RadioShack (RSH) reported on Tuesday a wider second-quarter loss driven by clearance events and promotional efforts that weakened margins.
The company also announced that Dorvin D. Lively resigned as chief financial officer to pursue another career opportunity. Holly F. Etlin, a managing director at consulting firm AlixPartners, will assume the role of interim CFO. AlixPartners is a firm that specializes in corporate turnarounds.
RadioShack said it has begun searching for a permanent replacement.
As weakening sales have continued to weigh on earnings, the struggling electronics retailer is working on revamping its stores. The Fort Worth, Texas-based company is now eyeing a “whole store” sales model. The strategy calls for displaying a brand’s products together, rather than dividing them around the store by category.

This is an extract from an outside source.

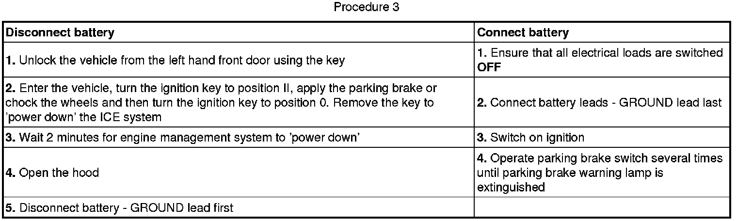 CAUTION: The vehicle status and battery condition must be established before attempting battery disconnect/connect. Reference must be then made to the following table to establish the relevant procedure to be followed.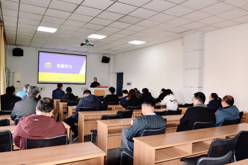 院党委副书记牟玲做党章学习交流发言。牟玲重点讲解了党章中党员条件、党的性质、指导思想、党的纲领、党的宗旨五方面内容,强调作为一名党员,要以党章为规矩,以党章为镜鉴,以坚强党性作为立身、立业、立言、立德的基石,希望大家把学习党章变成一种习惯,对照党章规范自己的言行,让党章时刻铭记于心,不忘初心、践行誓词、牢记使命。

RadioShack has also said it will improve online sales and begin a marketing campaign using the catchphrase “let’s play” in an effort to revive the retailer’s image.
RadioShack Chief Executive Joseph C. Magnacca said in a statement that the company’s turnaround is expected to take “several quarters.”
He also said RadioShack is working with AlixPartners and Peter J. Solomon Company, an investment banking firm.
“We will be guided by the five pillars of our turnaround strategy—repositioning the brand, revamping our product assortment, reinvigorating our stores, operational efficiency and financial flexibility,” Magnacca added.
For the latest period, same-store sales grew for the first time since 2010, rising 1.3%.
RadioShack’s loss checked in at $53.1 million, or 53 cents a share, compared to a year-ago loss of $21 million, or 21 cents a share.
Revenue fell 0.5% to $844.5 million. Input costs rose 4.4%.
Analysts were looking for a 24-cent loss and revenue of $816 million.
RadioShack explained that gross margin, which narrowed to 37.2% from 40.1%, was pressured by the retailer’s strategy during the quarter of clearance events and testing several promotions.
Shares jumped 7.5% to $3.15 in pre-market trading. As of Monday’s close, the stock was down 21% over the last year.